_DATA SHOWN_:
--- --- ---

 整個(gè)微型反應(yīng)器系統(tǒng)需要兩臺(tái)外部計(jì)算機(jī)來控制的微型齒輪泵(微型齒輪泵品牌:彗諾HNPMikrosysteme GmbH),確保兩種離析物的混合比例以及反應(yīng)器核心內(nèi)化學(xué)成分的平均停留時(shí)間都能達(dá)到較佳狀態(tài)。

--- --- ---

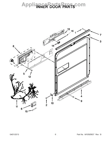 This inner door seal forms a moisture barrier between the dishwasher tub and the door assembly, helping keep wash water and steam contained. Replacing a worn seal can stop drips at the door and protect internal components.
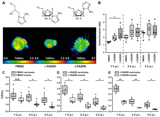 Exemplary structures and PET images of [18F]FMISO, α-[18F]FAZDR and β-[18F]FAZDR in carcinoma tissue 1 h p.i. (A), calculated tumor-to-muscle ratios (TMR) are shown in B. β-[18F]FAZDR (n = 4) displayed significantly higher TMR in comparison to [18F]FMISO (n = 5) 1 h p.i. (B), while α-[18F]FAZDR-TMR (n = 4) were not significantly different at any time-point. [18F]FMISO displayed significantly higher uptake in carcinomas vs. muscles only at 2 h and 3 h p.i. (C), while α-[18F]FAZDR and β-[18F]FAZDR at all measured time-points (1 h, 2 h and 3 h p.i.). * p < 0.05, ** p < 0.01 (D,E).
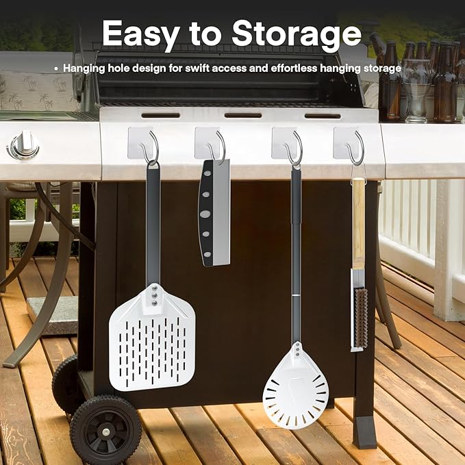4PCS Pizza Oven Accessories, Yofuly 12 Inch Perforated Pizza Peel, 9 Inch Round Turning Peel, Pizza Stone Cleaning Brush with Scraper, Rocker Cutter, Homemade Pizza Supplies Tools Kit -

--- --- ---

_YOUR ASSIGNMENT_: From the data above, return exactly the lines from the one with "This inner door" up to and including the one with "4PCS Pizza Oven". Pictures do not go in the copy.

_WRITTEN ANSWER_:
 This inner door seal forms a moisture barrier between the dishwasher tub and the door assembly, helping keep wash water and steam contained. Replacing a worn seal can stop drips at the door and protect internal components.
 Exemplary structures and PET images of [18F]FMISO, α-[18F]FAZDR and β-[18F]FAZDR in carcinoma tissue 1 h p.i. (A), calculated tumor-to-muscle ratios (TMR) are shown in B. β-[18F]FAZDR (n = 4) displayed significantly higher TMR in comparison to [18F]FMISO (n = 5) 1 h p.i. (B), while α-[18F]FAZDR-TMR (n = 4) were not significantly different at any time-point. [18F]FMISO displayed significantly higher uptake in carcinomas vs. muscles only at 2 h and 3 h p.i. (C), while α-[18F]FAZDR and β-[18F]FAZDR at all measured time-points (1 h, 2 h and 3 h p.i.). * p < 0.05, ** p < 0.01 (D,E).
4PCS Pizza Oven Accessories, Yofuly 12 Inch Perforated Pizza Peel, 9 Inch Round Turning Peel, Pizza Stone Cleaning Brush with Scraper, Rocker Cutter, Homemade Pizza Supplies Tools Kit -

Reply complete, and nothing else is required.